While he is only playing in his third MLB season, Pete Crow-Armstrong is quickly becoming one of the biggest thorns in the side of the Cincinnati Reds. Not only is he young, brash, and very good at playing baseball, but he is doing so while playing for a hated division rival in the Cubs. However, there was a world where he could have been playing for the Reds instead.
The Cubs, obviously, didn't draft Crow-Armstrong back in 2020. That honor went to the Mets with the #19 overall pick before they shipped PCA to Chicago in the Javy Baez trade. Curiously, Cincinnati picked at #12 that year, and one cannot help but wonder what things would have looked like had the Reds picked Crow-Armstrong that year instead of draft bust Austin Hendrick.

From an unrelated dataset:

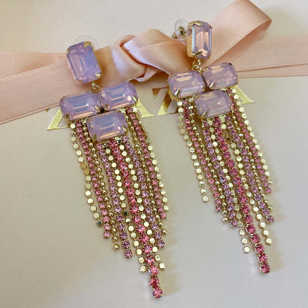 Pink Swarovski crystals gold plated earrings

Imagining Pete Crow-Armstrong in a Reds uniform wasn't as farfetched as you think at one point
Crow-Armstrong was considered one of the better draft prospects in 2020, but being a high school bat committed to Vanderbilt allowed him to fall to the back half of the first round. Meanwhile, Cincinnati decided to take a different high school outfielder with the 12th pick in the draft. Hendrick is finally hitting a bit down in the minors, but it has taken five years, and it is still hard to get excited about a .799 OPS with a ton of swing and miss from a 24-year-old in Double-A.
Had the Reds instead picked PCA, the Mets may have never been able to acquire Baez. Given how Baez's career went in the years after that, this is debatably good or bad. More importantly, the Cubs would probably be in deep trouble this season without him. The names still on the draft board in this scenario, including Hendrick, are not exciting whatsoever unless you think the Cubs were fated to get Owen Caissie regardless, and they reached to pick him at 19 instead of dropping into the second round like he did.
Meanwhile, the Reds' outfield would be in tremendous shape on both sides of the ball, and their lineup would have arguably the most swagger in all of baseball with PCA and Elly De La Cruz. Some may wonder if Cincinnati would have traded Crow-Armstrong away like the Mets did, but the Reds don't really trade prospects even when they probably should cut them loose.
Unfortunately, the Reds did pass on Crow-Armstrong and just have to deal with missing on Hendrick in a big way. While Crow-Armstrong is far from a perfect player, it does look like he is going to do some damage for the foreseeable future, and Cincinnati has to live on knowing they could have prevented the Cubs from getting their grubby little hands on him.